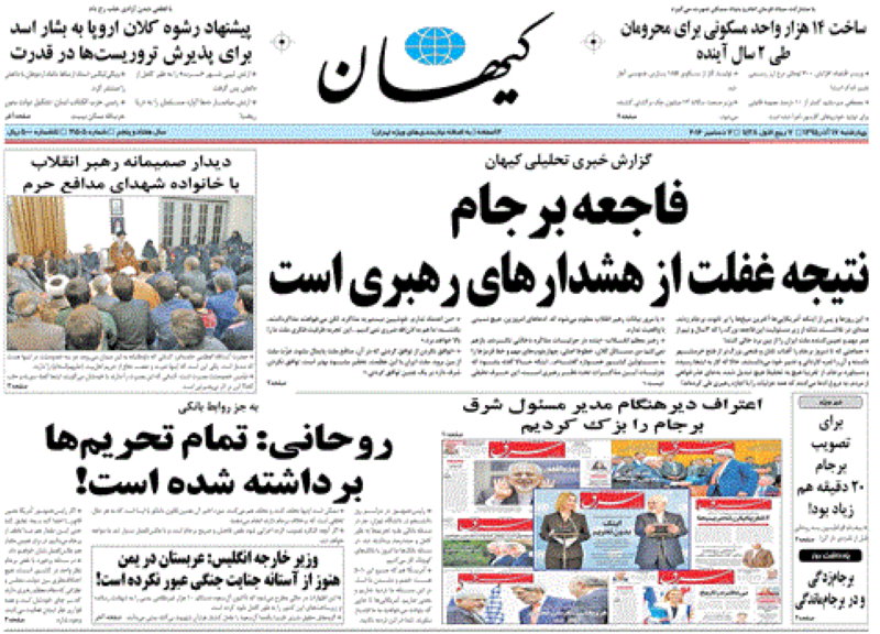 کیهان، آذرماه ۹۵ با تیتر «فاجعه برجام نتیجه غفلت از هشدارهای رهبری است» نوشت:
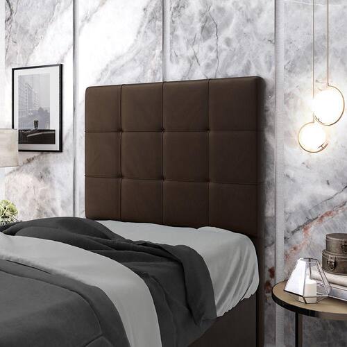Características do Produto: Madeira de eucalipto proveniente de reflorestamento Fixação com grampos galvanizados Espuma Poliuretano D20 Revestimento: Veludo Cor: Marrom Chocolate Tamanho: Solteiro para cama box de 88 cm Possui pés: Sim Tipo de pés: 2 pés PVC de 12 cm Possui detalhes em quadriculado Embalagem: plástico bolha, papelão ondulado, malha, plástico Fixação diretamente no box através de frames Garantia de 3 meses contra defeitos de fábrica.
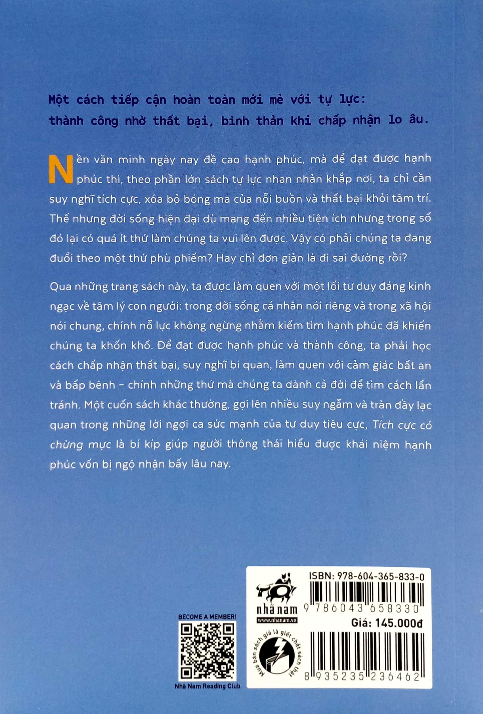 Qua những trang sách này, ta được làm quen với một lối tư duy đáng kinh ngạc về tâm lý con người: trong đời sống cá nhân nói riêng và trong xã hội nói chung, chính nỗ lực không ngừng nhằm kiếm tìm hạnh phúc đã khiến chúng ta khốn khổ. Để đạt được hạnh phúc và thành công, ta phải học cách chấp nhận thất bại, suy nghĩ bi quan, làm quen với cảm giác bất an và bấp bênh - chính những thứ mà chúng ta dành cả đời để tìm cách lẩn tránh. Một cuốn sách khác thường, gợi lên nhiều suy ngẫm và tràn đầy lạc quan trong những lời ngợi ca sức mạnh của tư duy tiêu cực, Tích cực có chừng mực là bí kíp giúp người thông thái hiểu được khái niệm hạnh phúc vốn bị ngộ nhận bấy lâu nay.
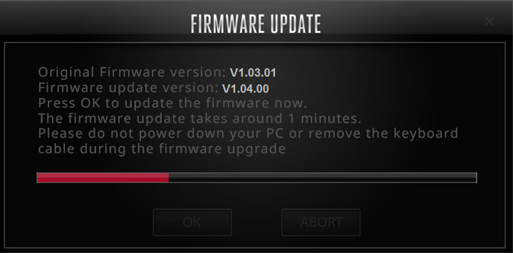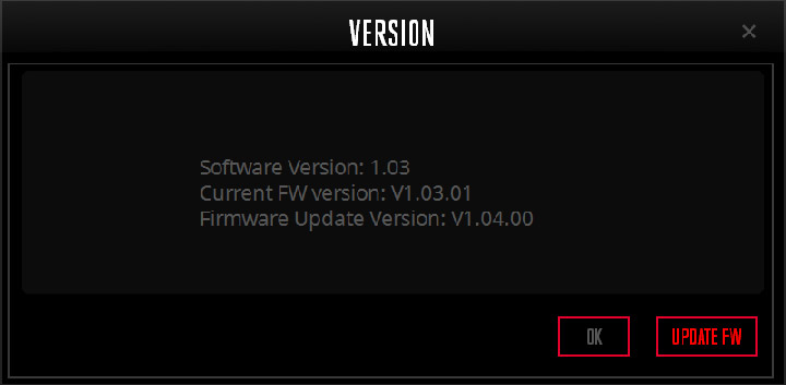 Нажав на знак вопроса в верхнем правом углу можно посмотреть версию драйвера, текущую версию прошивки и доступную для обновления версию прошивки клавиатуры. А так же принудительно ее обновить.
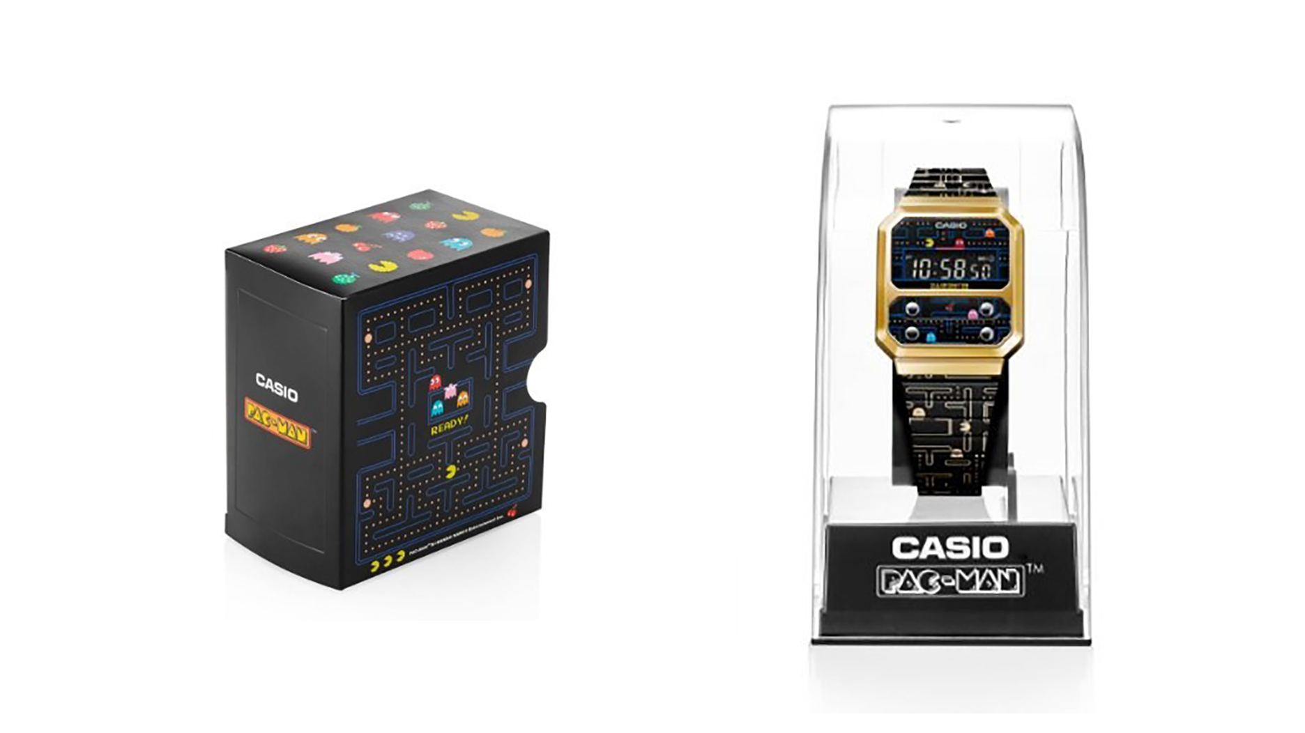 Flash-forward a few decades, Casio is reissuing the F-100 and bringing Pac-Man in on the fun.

=====

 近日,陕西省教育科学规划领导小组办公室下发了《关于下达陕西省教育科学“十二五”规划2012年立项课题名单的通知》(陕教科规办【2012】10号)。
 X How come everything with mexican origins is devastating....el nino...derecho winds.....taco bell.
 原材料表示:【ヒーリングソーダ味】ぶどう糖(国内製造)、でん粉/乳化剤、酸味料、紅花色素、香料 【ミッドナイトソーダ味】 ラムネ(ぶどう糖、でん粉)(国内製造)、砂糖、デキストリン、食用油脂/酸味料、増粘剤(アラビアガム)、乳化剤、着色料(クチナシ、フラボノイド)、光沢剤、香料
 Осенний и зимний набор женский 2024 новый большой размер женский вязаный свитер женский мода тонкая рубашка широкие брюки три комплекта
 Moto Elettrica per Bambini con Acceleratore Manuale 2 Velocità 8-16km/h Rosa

=====

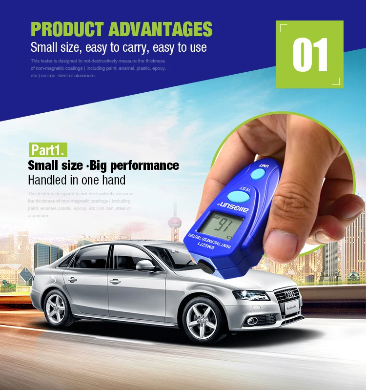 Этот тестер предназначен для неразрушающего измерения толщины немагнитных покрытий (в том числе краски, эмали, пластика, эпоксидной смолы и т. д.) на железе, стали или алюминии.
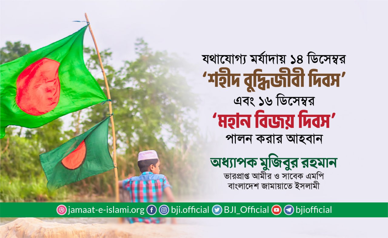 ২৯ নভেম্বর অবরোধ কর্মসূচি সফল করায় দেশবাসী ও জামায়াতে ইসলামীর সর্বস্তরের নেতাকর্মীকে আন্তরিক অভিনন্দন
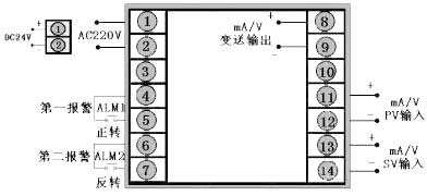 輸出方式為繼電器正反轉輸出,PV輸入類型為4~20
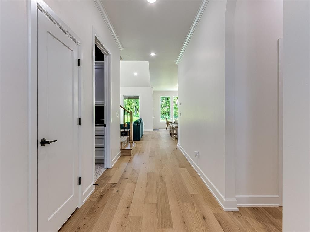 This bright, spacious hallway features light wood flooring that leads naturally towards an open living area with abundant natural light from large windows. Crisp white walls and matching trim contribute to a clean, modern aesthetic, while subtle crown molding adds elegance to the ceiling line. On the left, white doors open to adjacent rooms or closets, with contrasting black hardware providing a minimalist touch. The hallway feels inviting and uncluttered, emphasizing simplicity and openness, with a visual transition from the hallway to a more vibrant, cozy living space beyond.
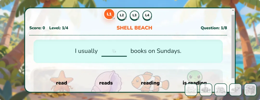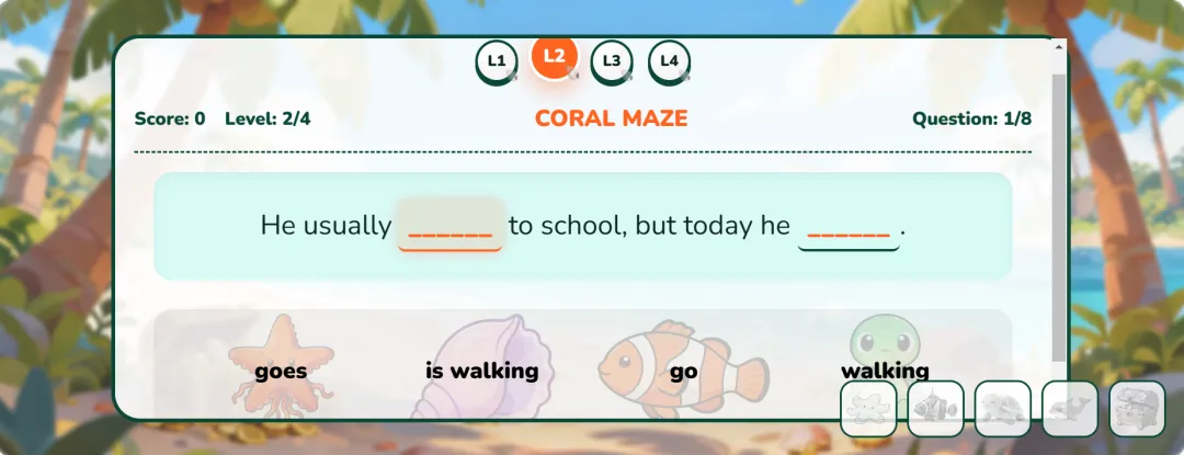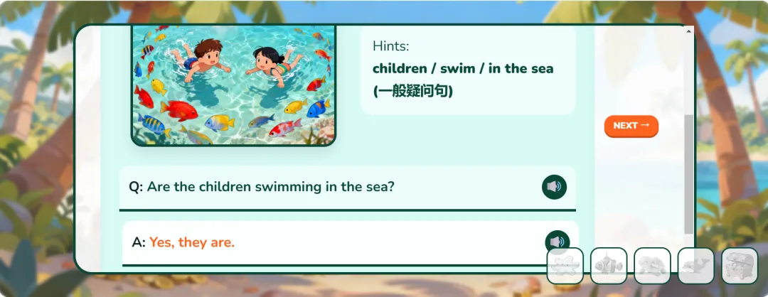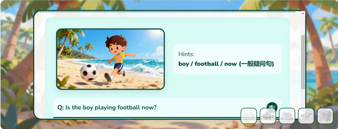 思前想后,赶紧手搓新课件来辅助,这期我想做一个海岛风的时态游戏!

=====

> _Task description_:
Would you copy out, exactly and with no pictures, only the lines above from the one that contains "کیهان، آذرماه ۹۵" through the one that contains "Características do Produto: Madeira"?

> _Problem solution_:
 کیهان، آذرماه ۹۵ با تیتر «فاجعه برجام نتیجه غفلت از هشدارهای رهبری است» نوشت:
Características do Produto: Madeira de eucalipto proveniente de reflorestamento Fixação com grampos galvanizados Espuma Poliuretano D20 Revestimento: Veludo Cor: Marrom Chocolate Tamanho: Solteiro para cama box de 88 cm Possui pés: Sim Tipo de pés: 2 pés PVC de 12 cm Possui detalhes em quadriculado Embalagem: plástico bolha, papelão ondulado, malha, plástico Fixação diretamente no box através de frames Garantia de 3 meses contra defeitos de fábrica.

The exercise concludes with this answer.